高校時代に屋上でお昼を食べたり、授業をサボってポカポカ陽気の中で居眠りをしたり。そんなことに憧れていたけれど、実際のところほとんどの学校では立入禁止になっていて私が通っていた学校でも、他の学校に通う友達からも『屋上での思い出』を聞いた事はない。
それから学年一のモテ男と自他ともに認める地味な女の子、もしくは若い先生と生徒の恋物語なんてものも聞いた事がない。
それだけじゃなくて部活に青春を注ぐことも、熱い友情の話や劇的なエピソードも無かった。もしかしたらこれらは体験できたかもしれないけれど。でも私には縁がなかった。

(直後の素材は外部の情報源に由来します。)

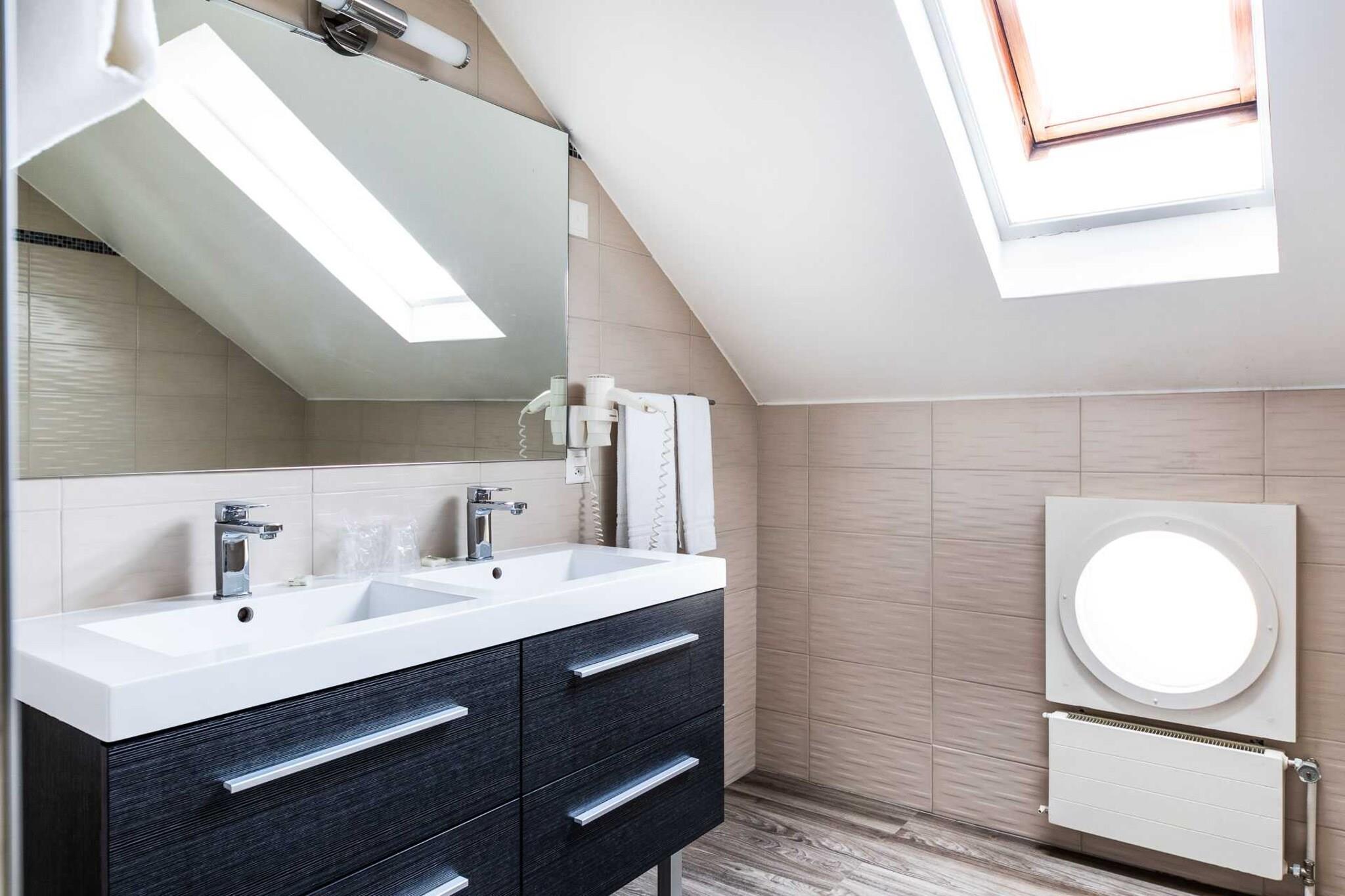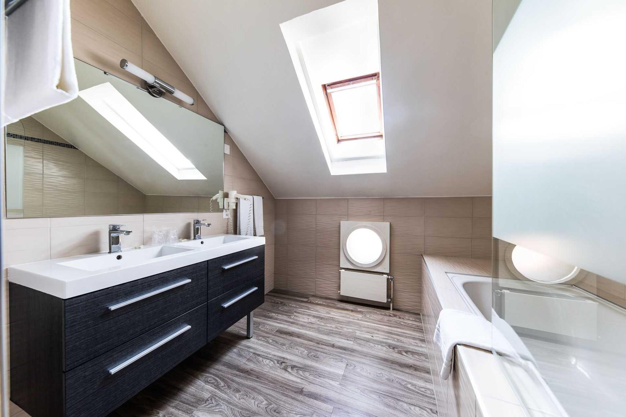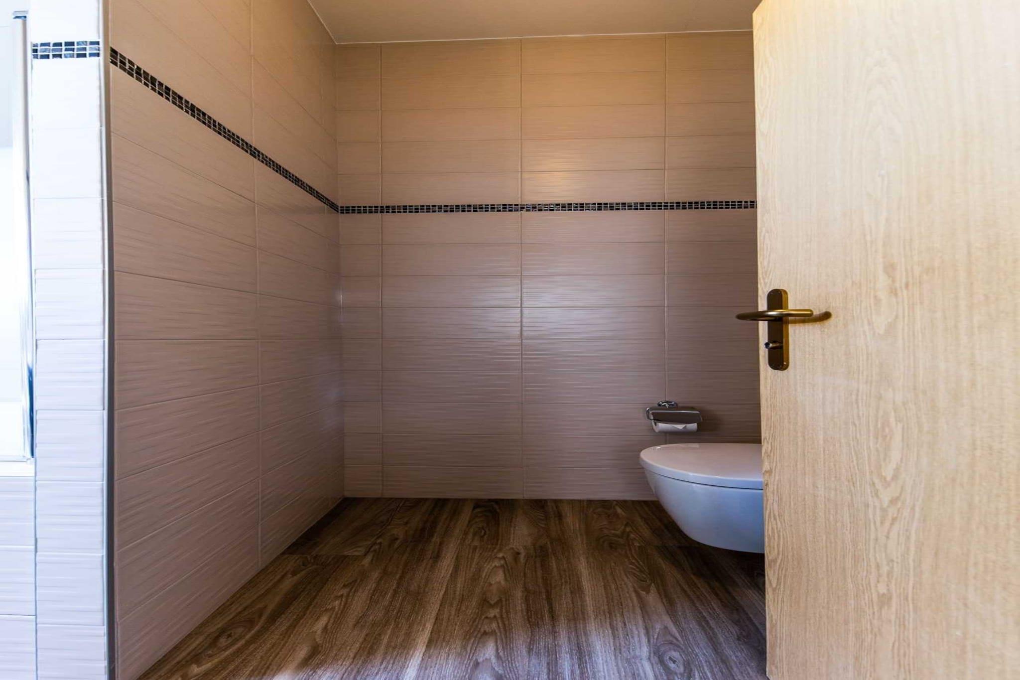 On the 6th floor: (Kitchen(stove, hob, coffee machine, combination microwave, fridge, electric hot plates, dishes and cutlery, Cooking basics, Wine glasses), bedroom(double bed, TV), bathroom(bath tub, toilet, hairdryer, shampoo, body soap, hot water))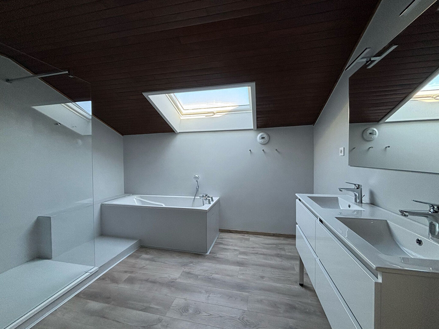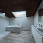 A l’étage: un grand dégagement donnant accès à deux chambres, un WC séparé et une salle de bains avec baignoire et douche.

そんな『非ありきたりな日常』が繰り広げられる漫画を、ダラダラと部屋着のまま寝転がって読むのが私の『ありきたりな日常』である。

石油ストーブの上に乗せているヤカンが『ピーッ!』とけたたましく鳴った。居間にはお母さんが居るはずなのになかなか止まないヤカン。

おかあさーんっ!ヤカンうるさい!

大きな声で叫べばトイレのドアの向こうから「聴こえてるならポットに入れなさい!」と今度は母が叫ぶ。
手の中にある漫画の世界はキラキラとしているのに、扉は有ってもこんな風に会話が出来てしまう母と娘が住む2LDKのアパートの中ではキラキラした出来事なんてない。


「アンタ、また部屋にこもって漫画でも読んでたんでしょ。」


ヤカンのお湯をポットに注いでたら、トイレから出て来た母に声を掛けられた。


「お母さんだって似たようなもんじゃん。」


スッピン。スエット姿。つけっぱなしのテレビに写ってたのは撮り溜めていたドラマ。こちらの世界は青春時代特有のキラキラとは違って、愛や欲望なんかが渦巻く大人の世界で何だかギラギラしている。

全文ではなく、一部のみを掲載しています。